Wife of the Governor-General of Jamaica
- In office 1 August 1991 – 15 February 2006
- Preceded by: Josephine Glasspole
- Succeeded by: Rheima Hall

Personal details
- Born: Ivy Sylvia Lucille Tai 27 June 1916
- Died: 5 June 2017 (aged 100)
- Spouse: Howard Cooke ​(m. 1939)​
- Children: Howard Jr. Richard Audrey

= Ivy Cooke =

Ivy Sylvia Lucille Cooke, Lady Cooke (née Tai; 27 June 1916 – 5 June 2017) was a Jamaican educator who was best known as the wife of Sir Howard Cooke, the Governor-General of Jamaica from 1991 to 2006. She was known as Lady Cooke after her husband's knighthood.

==Biography==
Ivy Sylvia Lucille Tai was the daughter of a "successful merchant" of Chinese descent.

She attended the Warsop All-Age School in Trelawny, and then went on to the Bethlehem Teacher Training College. Cooke taught for periods at Montego Bay High School for Girls (guidance counsellor), Montego Bay Boys' School (assistant principal), and Bell Castle All-Age School (assistant principal and acting principal). She later worked for the Ministry of Education as a supervisor of teacher colleges and an early childhood education officer. Her husband, Howard Cooke, also trained as a teacher; they married in July 1939, and had three children together – Howard Jr., Richard, and Audrey. After their marriage they initially taught together in a remote community in Portland Parish.

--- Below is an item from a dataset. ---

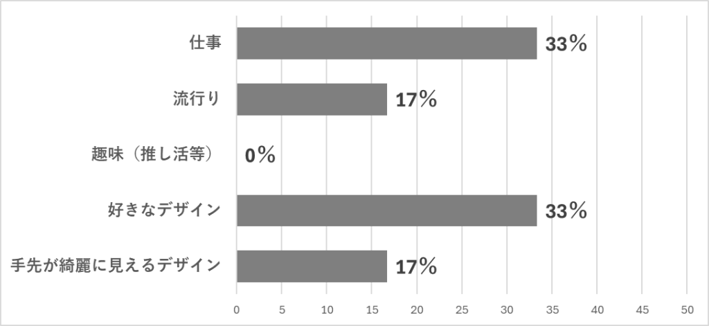 Q6:上記で「している」を選択された方にお聞きします。ネイルのデザインは、なにを重視して選んでいますか?

In 1991, Cooke's husband was appointed Governor-General; he had previously been a People's National Party politician. She supervised the running of King's House during his 15-year tenure, and cultivated vegetable gardens on the grounds as well as raising goats, rabbits, cattle, and chickens. She had a particular interest in music, serving as patron of the Jamaica Independence Festival and starting the tradition of annual Christmas concerts at King's House.

Cooke was 89 years when her husband left office, and he was 90. They retired to Brandon Hill, in Montego Bay Jamaica, and celebrated their 70th wedding anniversary in 2009. Sir Howard Cooke died in July 2014, aged 98, mere days before the couple's 75th wedding anniversary. Lady Ivy Cooke died in June 2017, 22 days before what would have been her 101st birthday. She was given a state funeral, and interred at the National Heroes Park in Kingston.

Her death was noted in the Parliament of Jamaica, with both Prime Minister Andrew Holness and Leader of the Opposition Peter Phillips making condolence statements.